Single speed bikes have one gear ratio and no shifters, making them simple and easy to maintain. They are popular for their elegance and simplicity, but may not be suitable for varied terrain. They are gaining popularity and more companies are offering affordable options for different types of riders.
People unfamiliar with the world of bicycles might initially be shocked by the number of different varieties out there. One such variety that has been gaining popularity recently is the single speed bicycle, which is any type of bicycle that has only one gear ratio, i.e. has one gear on the rear wheel and one on the cranks. A single speed bike doesn’t use shifters because there are no gears to shift; this pleases many enthusiasts who are looking for a simple, practical and elegant looking bike to take them on the trails or on the streets.

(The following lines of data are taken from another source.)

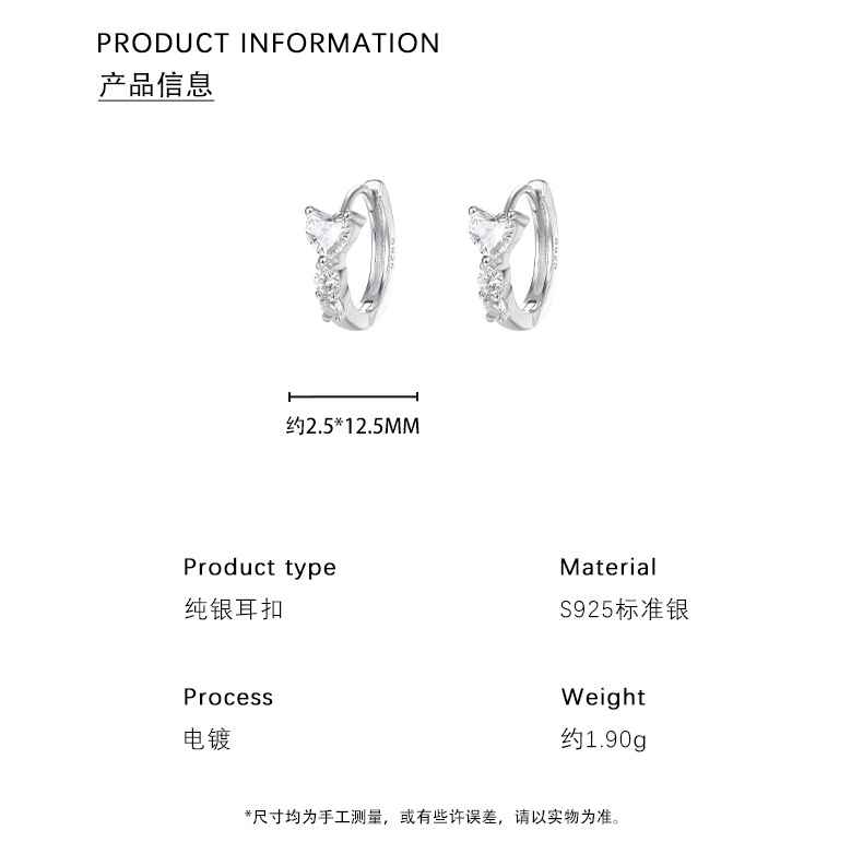 【爱意出动】S925纯银精致爱心镶锆石耳环【YXS-E5790】
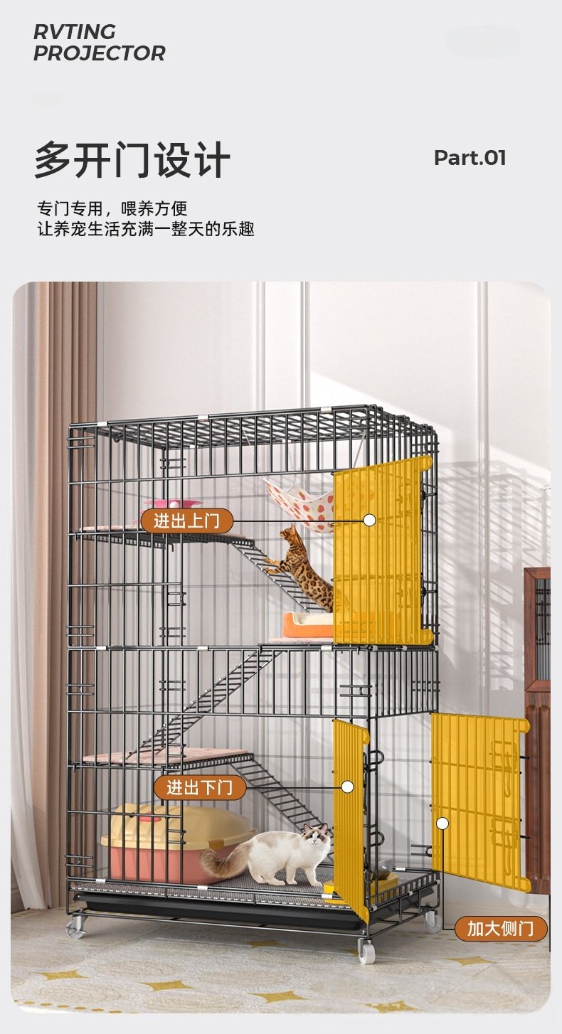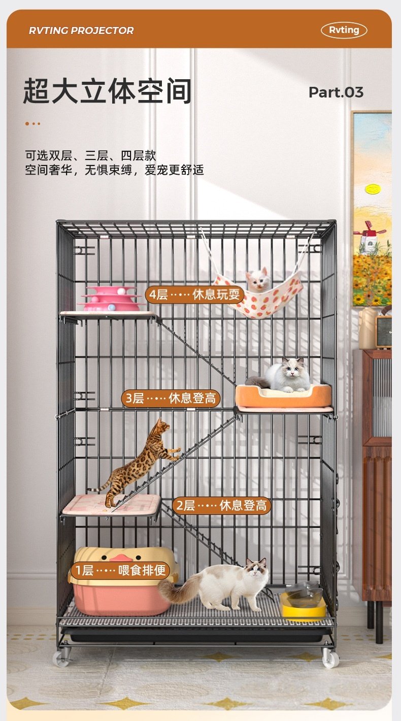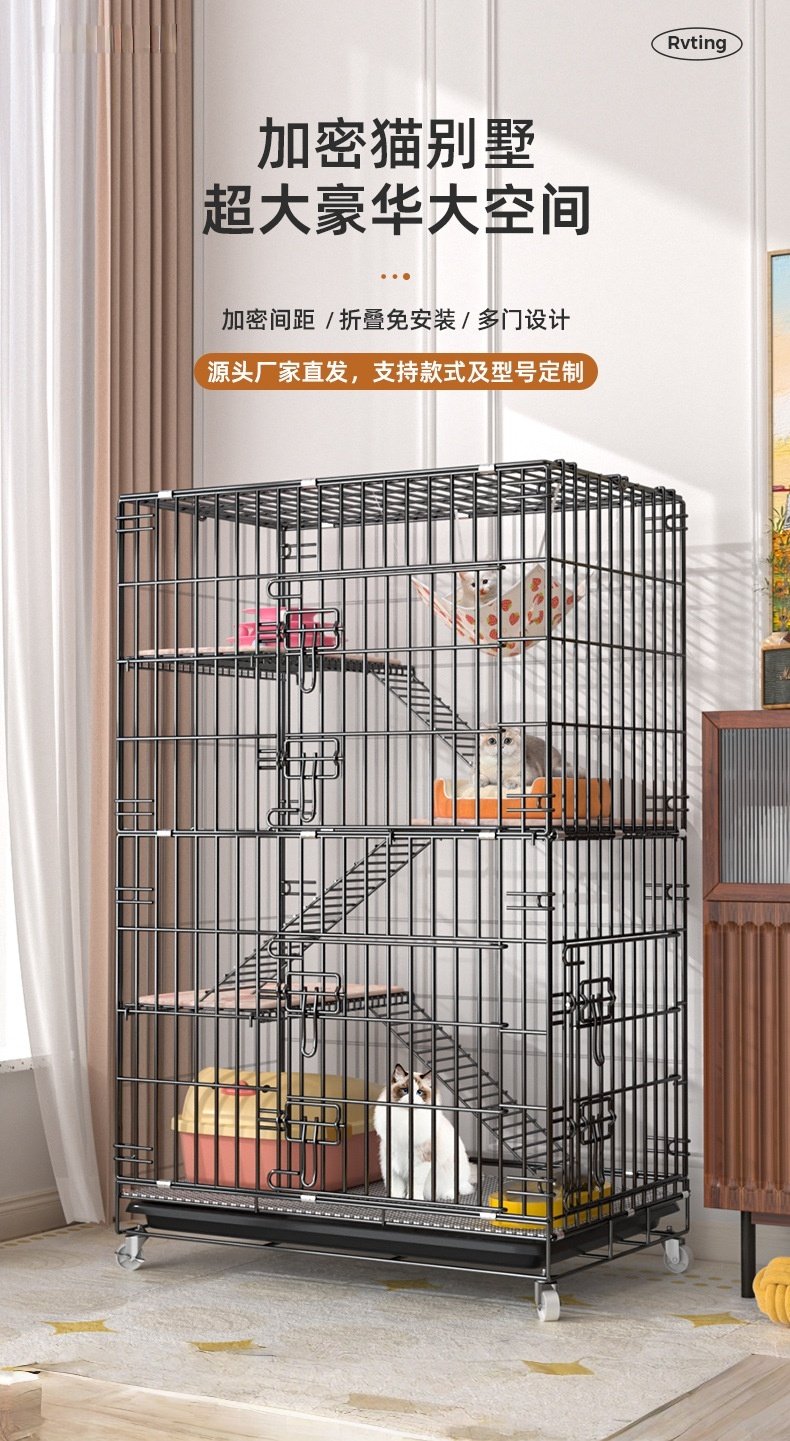 Cat Cage for Home Use, Indoor Cat Villa, Encrypted Folding Model, Large Double-Layer, Three-Layer, Four-Layer Cat House, Pet Cage
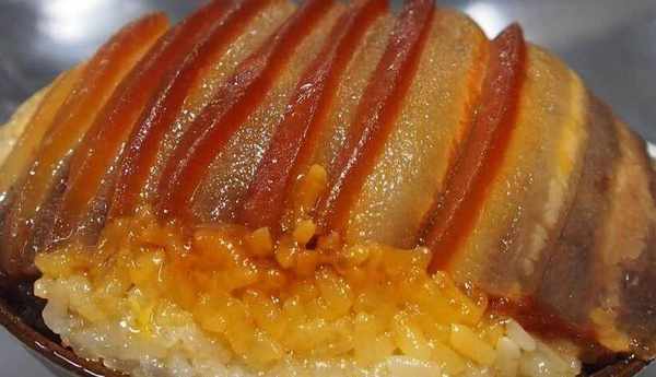 下一步是制作糯米飯。首先將糯米清洗幹凈,然後放入蒸鍋中,將糯米蒸熟,從鍋中取出,放入適量的豬油,然後加入紅糖拌勻,加入紅糖就可以做出糯米瞭看起來更好,味道更甜。然後將拌勻的糯米和豬肉一起放入碗中,放入蒸鍋蒸2小時左右。對,需要蒸的時間長,這樣五花肉蒸的比較軟,吃完沒有油膩的感覺,這點很重要。

The single speed bike has many advantages and disadvantages, depending on the type of riding you want to do.
The appeal of the single speed bike comes from its simplicity. Since there are no gears to change, the rider has only one responsibility: to pedal. There’s no worrying about being in the right gear, pedaling too hard or too easily. The downside to having only one gear on your single-speed bike is that it’s less suited to varied terrain. For example, you may find that your gear ratio is perfect for riding moderate trails, but once you hit pavement, you may find yourself pedaling too fast and not moving as fast as you’d like. Conversely, your single-speed bike might be perfect for gently sloping or relatively flat trails, but once uphill, you might find yourself struggling to turn the pedals.
From a maintenance standpoint, single speed bicycles have gained popularity because there are far fewer parts to fix or replace. There are no shifters, and consequently no shift cables, derailleurs or numerous chainrings and sprockets to deal with. The single speed bike has only one rear sprocket and one front sprocket, thus eliminating both parts that require maintenance and weight that can make the bike harder to pedal. The weight factor made single speeds popular with racers, and in recent years a new racing category has developed specifically for the single speed bike.
Beyond the technical and mundane appeal of the single-speed bike, enthusiasts appreciate the elegant aspect of single-speed racing. There are fewer cables hanging out the front end, there are no derailleurs to contend with, and the smaller gear cogs create a more simplistic look that lends the spotlight to the frame and wheels—essentially the classic shape of a bicycle. As the single speed bicycle becomes more and more popular, more and more companies are venturing into the market and offering affordable, stylish and useful machines for all different types of riders.